= Code of the District of Columbia =

Legal code for the District of Columbia, US

The Code of the District of Columbia is the codification of the general and permanent laws relating to the District of Columbia. It was enacted and is revised by authority of the Congress of the United States.
==History==
Commissioners were appointed by virtue of "An act to improve the laws of the District of Columbia, and to codify the same," approved March 3, 1855. The commissioners were required "to revise, simplify, digest, and codify the laws of said District, and also the rules and principles of practice, pleadings, of evidence, and conveyancing."

An act of congress stated that "it is expedient that the laws of the District of Columbia should be arranged in appropriate titles, chapters and sections; that omissions and defects therein should be supplied and amended; and that the whole, rendered concise, plain, and intelligible, should be established and known as the Revised Code of the District of Columbia".

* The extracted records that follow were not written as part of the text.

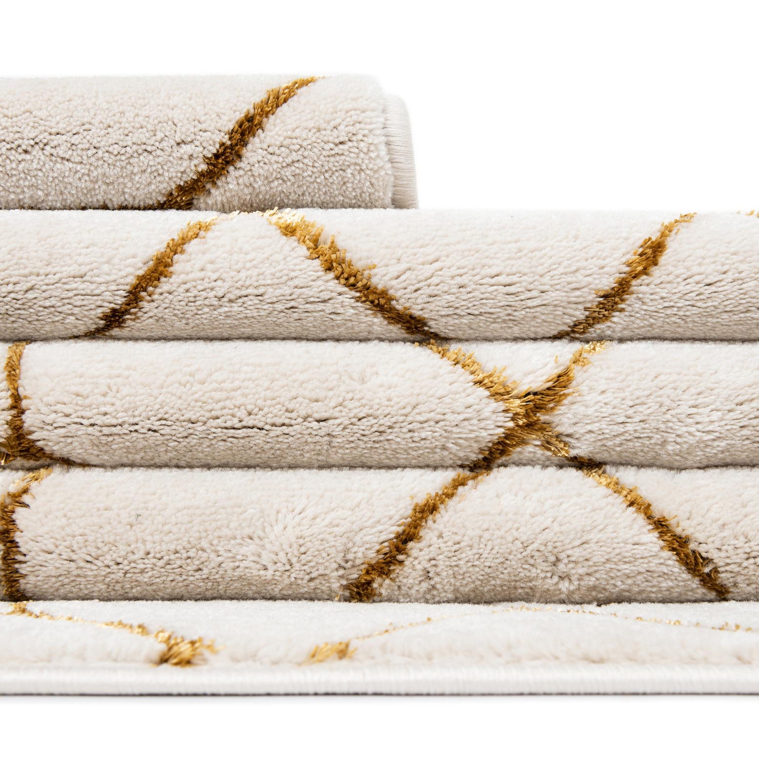A refined trellis pattern of interlocking elongated hexagons and diamond shapes moves down the length of this runner in a warm gold against a White Gold background. The raised gold motif contrasts gently with the pale field, creating a subtle dimensional effect without overwhelming the eye. Machine made from 70% polypropylene and 30% polyester, the surface feels soft underfoot with a low, slightly lustrous pile where the polyester fibers catch the light and the polypropylene provides a smooth, resilient base.
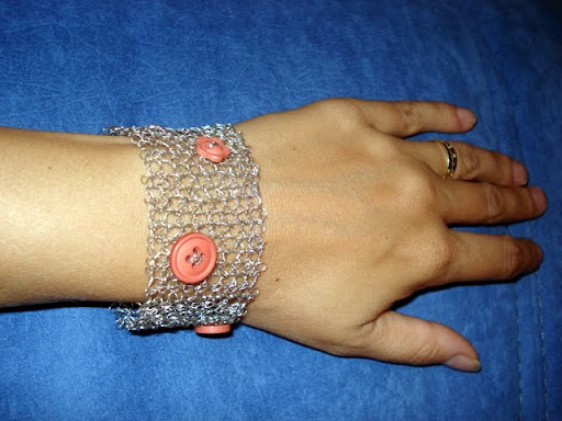 žica - in nastane tole. Enostavna zapestnica, ki sem ji dodala gumbe. Lahko bi dodala
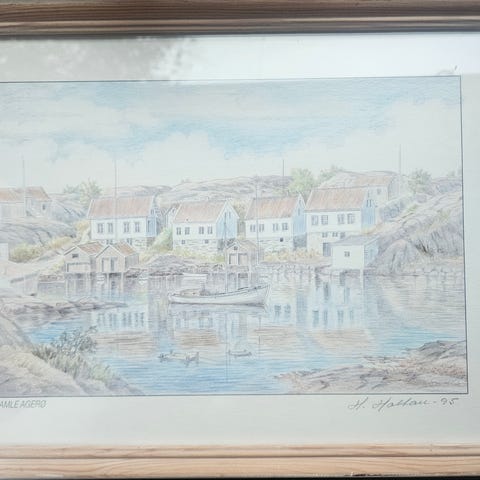 Litografi Ålesund havn av Kristoffer Helset 40x60cm. 300 kr. I plast med oppheng. Kan sende, kjøper betaler porto.

The laws which it was made their duty "to revise and simplify," consisted, in the language of the Maryland declaration of rights, of such of the English statutes as existed at the time of the first emigration to Maryland, and "which by experience have been found applicable to local and other circumstances, and of such others as have been since made in England or Great Britain, and have been introduced, used, and practiced by the courts of law and equity;" also of the declaration of rights, constitution, and statutes of Maryland, passed prior to the 27th day of February, 1801, as modified by the constitution and laws of the United States. The sources of law flowed from 3 distinct sources.

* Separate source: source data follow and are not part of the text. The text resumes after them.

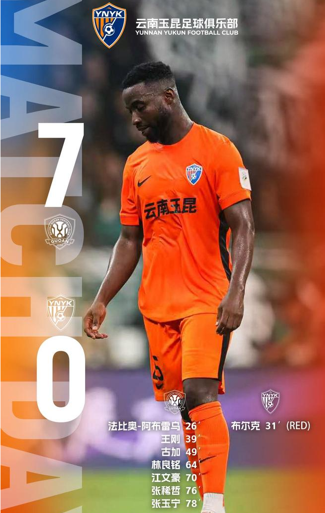 云南玉昆官方写道:“2025中国足协杯半决赛,客场作战的云南玉昆最终以0比7不敌对手。上半场第31分钟,布尔克被红牌罚下彻底改变了比赛的走势。很遗憾,我们没能在今天继续改写云南足球的历史,止步足协杯决赛门外,向所有支持云南玉昆的球迷朋友们说一声抱歉。”
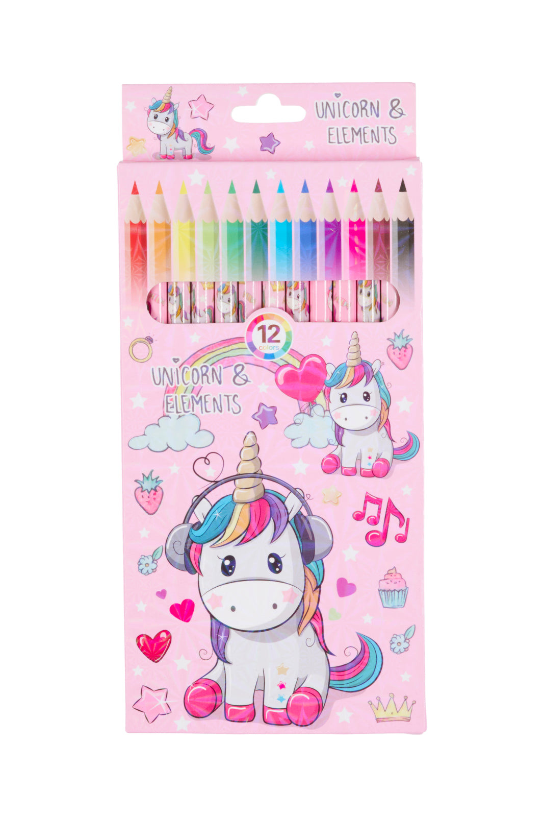 Pakke med farveblyanter med enhjørning-tema. Sæt med 12 dele i en glitrende æske.
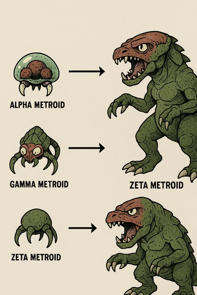 ตารางวิวัฒนาการ Metroid จาก Larva → Alpha → Gamma → Zeta → Omega ไม่ได้เป็นเพียงกลไกการเล่น แต่คือการเล่าเรื่องที่ทรงพลังที่สุดของซีรีส์ Metroid
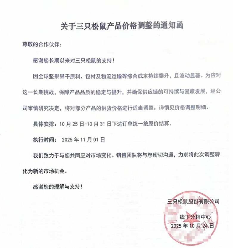 近日,三只松鼠面向经销商发布通知,自11月1日起对35款产品调整供货价格,覆盖坚果、炒货、果干等品类。

The law of March 3, 1855 required that the code should be approved by a majority of the board appointed to consider the same code. The members of that board certified to the President of the United States that they had considered its provisions and unanimously approved it. Pursuant to said law, the code was submitted to the people of the District for their consideration in November of 1857.

==Revision==
By Act of Congress of July 30, 1947 (ch. 388, 61 Stat. 638), the Committee on the Judiciary of the House of Representatives is authorized to print bills to codify, revise, and reenact the general and permanent laws relating to the District of Columbia and cumulative supplements thereto, similar in style, respectively, to the Code of Laws of the United States, and supplements thereto, and to so continue until final enactment thereof in both Houses of the Congress of the United States.

==Criminal code==
Division IV constitutes the district's criminal code. Congress codified the district's criminal statutes in 1901. By 2000, the code was considered obsolete, with a study in the Northwestern University Law Review ranking it 45th out of 52 state and federal criminal codes.

An independent D.C. Criminal Code Revision Commission formed in 2016 to consider revisions to the code, submitting its proposals to the D.C. Council in March 2021. The Council adopted many of the commission's recommendations in the Revised Criminal Code Act of 2022, overriding the veto of Mayor Muriel Bowser, who had expressed concerns about reducing some mandatory sentencing guidelines during a time of increasing crime rates in the city. A Republican-led United States House Committee on Oversight and Accountability introduced a bill to overturn the law before it would have taken effect. It was signed by President Joe Biden in March 2023, marking the first time a D.C. law had been completely overturned since 1991, when Congress prevented the district from relaxing building height restrictions.